### Problem to work on
Output every entry below word for word, without its pictures.

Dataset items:
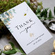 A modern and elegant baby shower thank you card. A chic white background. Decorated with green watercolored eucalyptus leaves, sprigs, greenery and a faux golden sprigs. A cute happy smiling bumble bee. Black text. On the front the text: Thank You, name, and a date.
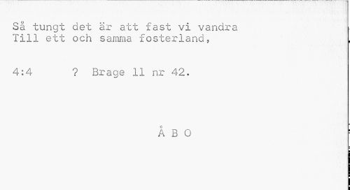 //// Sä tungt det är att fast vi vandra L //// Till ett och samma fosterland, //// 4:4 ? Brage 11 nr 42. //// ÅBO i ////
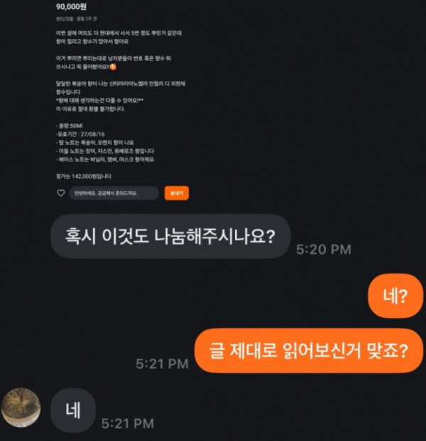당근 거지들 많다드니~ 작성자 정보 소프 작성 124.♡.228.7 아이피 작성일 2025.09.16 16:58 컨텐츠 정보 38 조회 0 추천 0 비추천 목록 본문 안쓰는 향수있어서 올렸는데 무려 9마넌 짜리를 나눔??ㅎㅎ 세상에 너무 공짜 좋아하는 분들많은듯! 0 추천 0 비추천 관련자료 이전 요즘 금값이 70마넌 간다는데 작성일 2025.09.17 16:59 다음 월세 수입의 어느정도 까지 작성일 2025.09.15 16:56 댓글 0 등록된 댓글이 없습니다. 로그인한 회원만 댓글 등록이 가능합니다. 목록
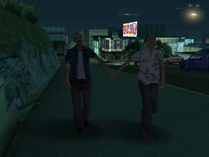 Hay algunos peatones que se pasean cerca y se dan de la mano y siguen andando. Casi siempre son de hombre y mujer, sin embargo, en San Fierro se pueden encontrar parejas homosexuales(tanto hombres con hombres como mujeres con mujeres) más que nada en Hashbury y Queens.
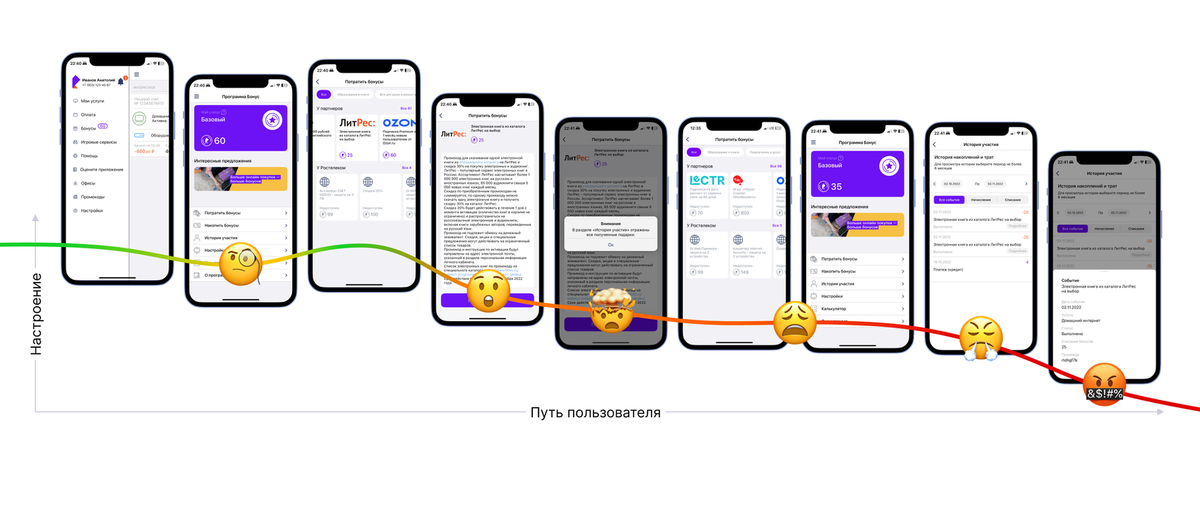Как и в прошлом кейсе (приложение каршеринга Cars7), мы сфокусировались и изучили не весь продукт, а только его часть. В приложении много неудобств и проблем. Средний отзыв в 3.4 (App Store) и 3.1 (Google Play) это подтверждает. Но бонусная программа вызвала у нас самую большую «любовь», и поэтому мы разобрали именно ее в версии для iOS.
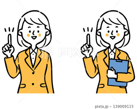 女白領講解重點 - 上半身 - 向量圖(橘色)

### Response for this exercise
 A modern and elegant baby shower thank you card. A chic white background. Decorated with green watercolored eucalyptus leaves, sprigs, greenery and a faux golden sprigs. A cute happy smiling bumble bee. Black text. On the front the text: Thank You, name, and a date.
 //// Sä tungt det är att fast vi vandra L //// Till ett och samma fosterland, //// 4:4 ? Brage 11 nr 42. //// ÅBO i ////
당근 거지들 많다드니~ 작성자 정보 소프 작성 124.♡.228.7 아이피 작성일 2025.09.16 16:58 컨텐츠 정보 38 조회 0 추천 0 비추천 목록 본문 안쓰는 향수있어서 올렸는데 무려 9마넌 짜리를 나눔??ㅎㅎ 세상에 너무 공짜 좋아하는 분들많은듯! 0 추천 0 비추천 관련자료 이전 요즘 금값이 70마넌 간다는데 작성일 2025.09.17 16:59 다음 월세 수입의 어느정도 까지 작성일 2025.09.15 16:56 댓글 0 등록된 댓글이 없습니다. 로그인한 회원만 댓글 등록이 가능합니다. 목록
 Hay algunos peatones que se pasean cerca y se dan de la mano y siguen andando. Casi siempre son de hombre y mujer, sin embargo, en San Fierro se pueden encontrar parejas homosexuales(tanto hombres con hombres como mujeres con mujeres) más que nada en Hashbury y Queens.
Как и в прошлом кейсе (приложение каршеринга Cars7), мы сфокусировались и изучили не весь продукт, а только его часть. В приложении много неудобств и проблем. Средний отзыв в 3.4 (App Store) и 3.1 (Google Play) это подтверждает. Но бонусная программа вызвала у нас самую большую «любовь», и поэтому мы разобрали именно ее в версии для iOS.
 女白領講解重點 - 上半身 - 向量圖(橘色)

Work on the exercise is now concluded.